For all of the graded assignments as well as the two midterm exams, if you disagree with the grading, you may raise your concerns with the relevant instructor (Professor, TA, or Reader) within two weeks after they are returned. After that, all grades will be considered final. 'Gradescope's regrading request feature (not e-mail) is the place to handle grading issues.' Do not wait until the end of the term, as two weeks means two weeks, and no regrading requests will be entertained after final grades have been posted.

Collaboration Policy

Homework assignments are to be completed individually, but you are strongly encouraged to pair up with a fellow student -- your brainstorming buddy -- for the duration of the quarter. It is okay to discuss assignments with other peers as well, e.g., to clarify the interpretation of a question or to compare thoughts on very rough approaches, but discussions of the details of your work are to stay within your team of two. You should pick a brainstorming partner at the start of the term and then stay with that person for the remainder of the quarter. See http://www.ics.uci.edu/ugrad/policies/index.php#academic_honesty for a good discussion of what is/isn't considered honest collaboration. The three exams are to be done solo, but will be open cheat sheet and open book. :-) Note that UCI's academic honesty policy applies both to person-to-person and to social media interactions (more on this below).

Late Policy

Due dates will be clearly indicated on all HW assignments. Assignments will still be accepted for up to one day (24 hours) after the due date, but you will lose 10 points (out of the 100-point total per assignment) for such lateness. We will not accept assignments in any form whatsoever after that time. "Stuff happens" sometimes, especially in COVID times (!), so you should anticipate that reality and avoid working up until the very last minute.
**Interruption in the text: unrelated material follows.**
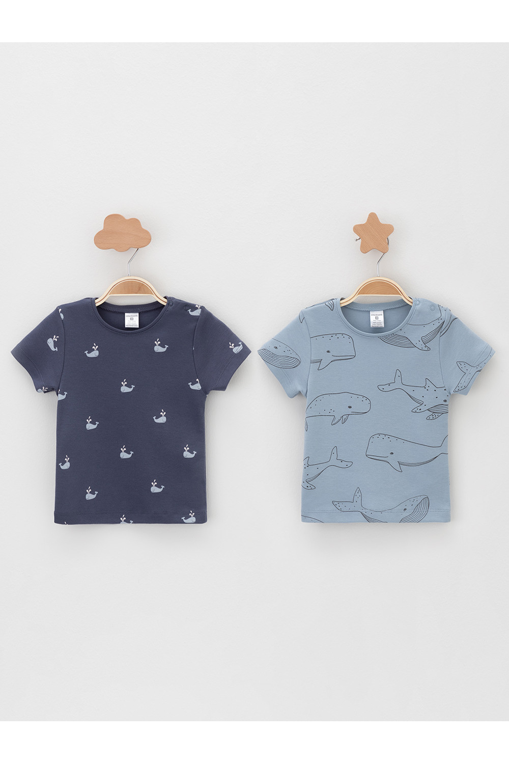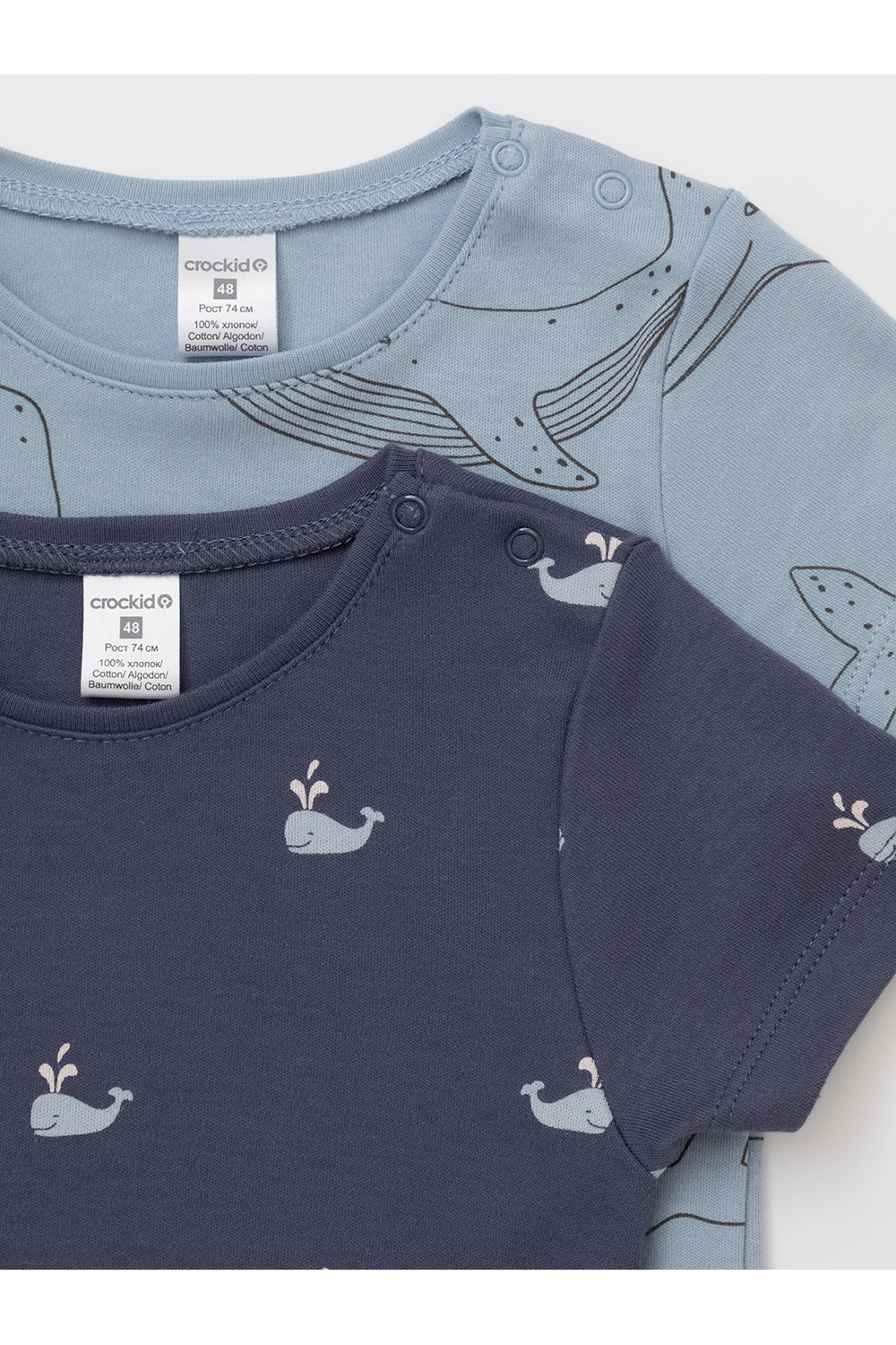 Футболки для мальчика из высококачественного трикотажа, произведённого из натурального хлопка. В упаковке 2 штуки. Для удобства на плече застёжка на кнопки. Оригинальная набивка выполнена из стойких гипоаллергенных текстильных красителей. Все трикотажные полотна производятся в соответствии с нормами Швейцарского сертификата ЭкоТекс.

Assignments MUST be turned in per the assignment's instructions by the indicated deadline date/time in order to get full credit. (Note: The best-7-out-of-8 grading policy is another fallback for what might otherwise be late homework assignments; that fallback will work once, but obviously just once.) We will release an official solution for most assignments 24 hours after its due date/time; as a result, we will stop accepting turn-in's at that time.

Academic Honesty Policy

Cheating is the one area where the mostly empathetic instructor for this course has zero patience or sympathy. You are here at UCI to learn, and cheating totally defeats that purpose. If you cheat in real life, on the job, you could actually bring down a company - so I do my part to avoid graduating students who would do that. All students are expected to adhere to the UCI/ICS Academic Honesty policies (see https://aisc.uci.edu/policies/academic-integrity/index.php and http://www.ics.uci.edu/ugrad/policies/index.php#academic_honesty to read their details). Any student found to be involved in cheating or aiding others in doing so may be academically prosecuted to the maximum extent possible: you could even fail the course in its entirety. (Ask around - I have done that before.) Just say no to cheating!!! By the way, it is entirely fine to look at old CS122A exams, old assignments, old quizzes, old solutions, etc. (Studying such materials will help you practice and learn!) Again, your goal here should be to learn - not get some particular grade - and in this course we will ask you to please be on the honor system and behave accordingly! Note that with the test-like way that companies interview prospective employees nowadays, you won't make it far past the door if you don't know your stuff.

Late Enrollment Policy

This class moves fast and it pretty much hits the ground running, so enrolling after missing more than the first lecture or two is highly discouraged. If you foresee a need to enroll late, e.g., due to waiting list or financial aid issues, you must do all of the work for the class from the beginning as if you are already enrolled. (The instructor will be happy to add you as an "Additional Student" so that you are fully able to do so w.r.t. accessing all course materials.) No special accommodations will be made for students who do not do this -- so whatever you miss, you miss and will lose points for. (The course already has some flexibility built into the grading policy.)


DBMS Platform

This class will use an industrial-strength relational database management system (RDBMS) for the hands-on homework assignments. In some past terms we have allowed students to choose between MySQL (an open source DBMS), DB2 (from IBM), and/or another RDBMS of their choosing. This quarter we will be suggesting that everyone use the same system - and a different one namely PostgreSQL. (This is a good RDBMS to have on your resume.) We will tell you when it's time to install and start to use PostgreSQL. (More information about that will appear here soon, so keep an eye on this space.) You will also find that Google searches are a great source of information and issues/solutions related to open source DBMSs, as there are frequently other users out there in the Googlesphere having the same problem that you're having. Again, we will not be letting students use a different DBMS this quarter because some assignments will use SQL features that PostgreSQL has but less complete systems, e.g., MySQL, do not have, and/or features that are not entirely standardized across different DBMSs.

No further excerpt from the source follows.